To solve the problem, we will denote the base of the right-angled triangle as \( b \) cm and the altitude (height) as \( h \) cm. According to the problem, the altitude is 7 cm less than the base, which can be expressed as: \[ h = b - 7 \] We also know that the hypotenuse \( c \) is 13 cm.

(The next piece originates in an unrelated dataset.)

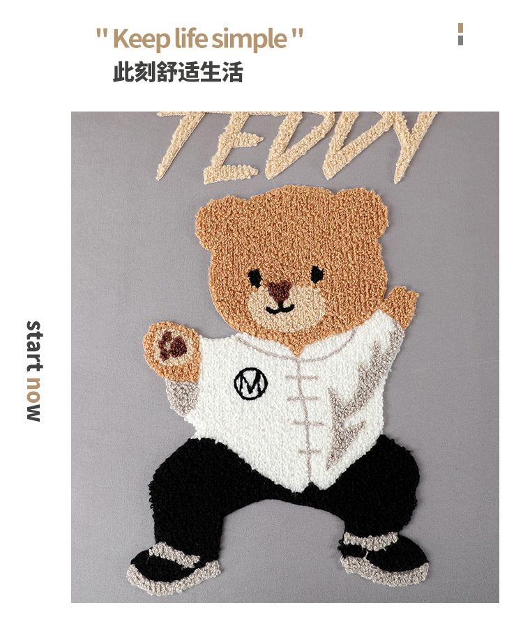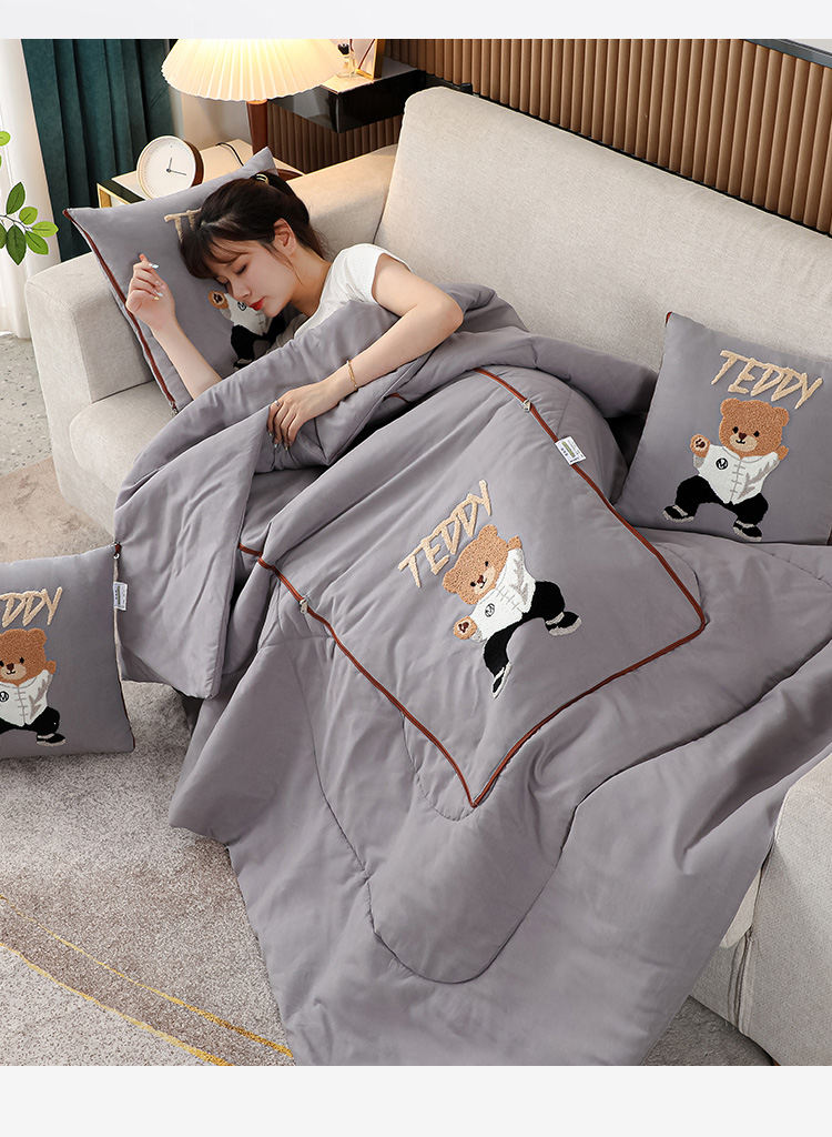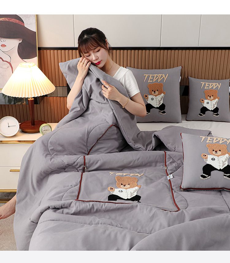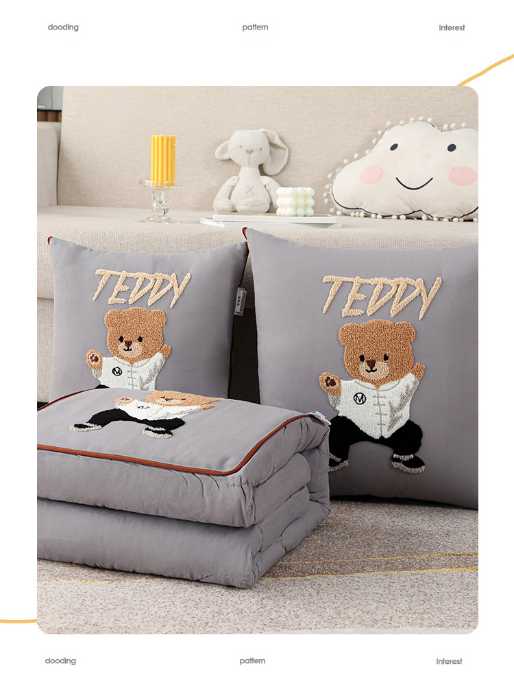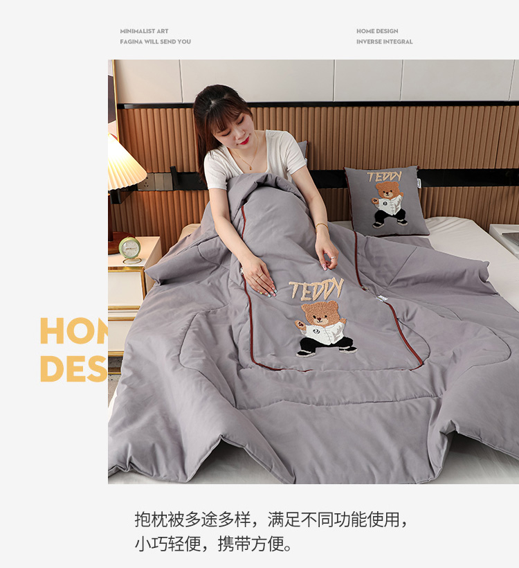 (总)宝马家纺(原梦童画) 2024新款泰迪熊毛巾绣联名款减压式加厚抱枕毯,豆沙粉,粉色,黑色,灰色,绿色,柠檬黄,天空蓝

By the Pythagorean theorem, we have: \[ c^2 = b^2 + h^2 \] Substituting the value of \( c \) and \( h \) into the equation, we get: \[ 13^2 = b^2 + (b - 7)^2 \] Now, let's simplify this equation step by step. 1. Calculate \( 13^2 \): \[ 169 = b^2 + (b - 7)^2 \] 2. Expand \( (b - 7)^2 \): \[ (b - 7)^2 = b^2 - 14b + 49 \] 3. Substitute this back into the equation: \[ 169 = b^2 + b^2 - 14b + 49 \] 4. Combine like terms: \[ 169 = 2b^2 - 14b + 49 \] 5. Rearrange the equation to set it to zero: \[ 2b^2 - 14b + 49 - 169 = 0 \] \[ 2b^2 - 14b - 120 = 0 \] 6. Divide the entire equation by 2 to simplify: \[ b^2 - 7b - 60 = 0 \] 7. Now, we will factor the quadratic equation: \[ (b - 12)(b + 5) = 0 \] 8. Set each factor to zero: \[ b - 12 = 0 \quad \text{or} \quad b + 5 = 0 \] This gives us: \[ b = 12 \quad \text{or} \quad b = -5 \] Since the base cannot be negative, we take \( b = 12 \) cm. 9. Now, substitute \( b \) back to find \( h \): \[ h = b - 7 = 12 - 7 = 5 \text{ cm} \] Thus, the two sides of the triangle are: - Base \( b = 12 \) cm - Altitude \( h = 5 \) cm ### Final Answer: The other two sides of the triangle are 12 cm (base) and 5 cm (height).